The brain then takes this raw electrical information from the auditory nerve and translates it into sounds and assigns the sounds meaning. So you hear things you recognize and understand speech.
That oh-so-beautiful ear diagram you see in doctor’s offices and medical books:


Types of Hearing Loss:

There are two primary types of hearing loss. Conductive hearing loss (CHL) and Sensorineural hearing loss (SNHL). Sometimes it can also be a combination of the two. Hearing loss can be in one ear or both and more severe in one side or the other.


Conductive loss simply means those vibrations don’t transmit properly to the inner ear. Fluid buildup, earwax, ear infections, damaged eardrums, and other minor things can sauce temporary conductive hearing loss. Sometimes the little bones or the eardrum have mechanical issues or are damaged or wear out over time. These issues are mechanical and can often be fixed with surgery. My father-in-law once had the bones in his middle ear start to ossify and had surgery to install a titanium replacement. It worked fairly well and he regained most all of his hearing. Luckily, conductive hearing loss can frequently be fixed with surgery or medical treatment. Aging or loud noise often contribute to this. However, it makes up a small percentage of permanent hearing loss.
Sensorineural hearing loss is more complicated. It is often called permanent since (most of the time) there is no medical process to reverse or heal the damage. SNHL hearing loss happens with the sensitive inner parts of the ear. The inner ear, cochlea, or auditory nerve do not work properly or are damaged. It can also be caused by damage to the brain itself (though this is less common). This loss can be caused or triggered by a large number of things (wiki link) including genetics, developmental problems, inflammatory illnesses, long term exposure to loud noise, physical trauma, and the cochlea simply wearing out with age. The effects of this type of loss vary widely from person to person, from total deafness, to only partial loss.
Solutions involve fitting corrective devices, however as I mentioned, these don't repair the existing damage to the body. Hearing aids can help by boosting volume and changing frequencies of sound into different frequencies that are still being picked up by the user. These are the cheapest and most common solutions. Surgeries have also been developed such as the cochlear implant for profoundly deaf individuals, think of it as a bionic ear. It’s expensive and invasive though, and only restores limited hearing ability.

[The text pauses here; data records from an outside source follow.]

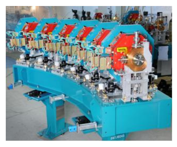
Figure 2: An EMMA girder, with 6 doublet cells mounted. The larger of the magnets is the D and the smaller is the F. RF cavities are mounted in almost every other cell and one can be seen at the end of the girder.

However, to maintain the symmetry of the ring and minimise the effects from resonances, clamp plates are mounted on all the doublets.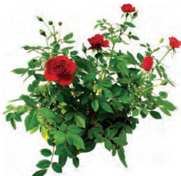
◆ Rose plant

Shrubs are smaller than trees. They have a hard and woody stem. Most of them live for a few years.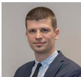
Pál Ságvári Ambassador-at-Large for Energy Security Ministry of Foreign Affairs and Trade Hungary

Hearing loss is often classified into the following categories based on how loud sound must be before a person notices it. It is measured in decibels of hearing loss, or dB HL

Mild for adults: between 26 and 40 dB HL
Mild for children: between 20 and 40 dB HL
Moderate: between 41 and 55 dB HL
Moderately severe: between 56 and 70 dB HL
Severe: between 71 and 90 dB HL
Profound: 91 dB HL or greater

I have a Profound loss, but that’s slightly misleading and oversimplified. I can hear some sounds normally, mostly lower frequency sounds, but for other sounds, high frequency ones specifically, I am profoundly deaf, I can’t hear them at all unless they are painfully loud.


I have hearing aids that help with this. I have since I was a child, with a new pair about every 5 years on average. Technology has been changing a lot and the newer models are now all digital, able to detect sound patterns and shift and change the sound automatically. They also have a ton of neat programmable features. While hearing aides are relatively cheaper then implants, they are still expensive.
However, that’s a subject for another post.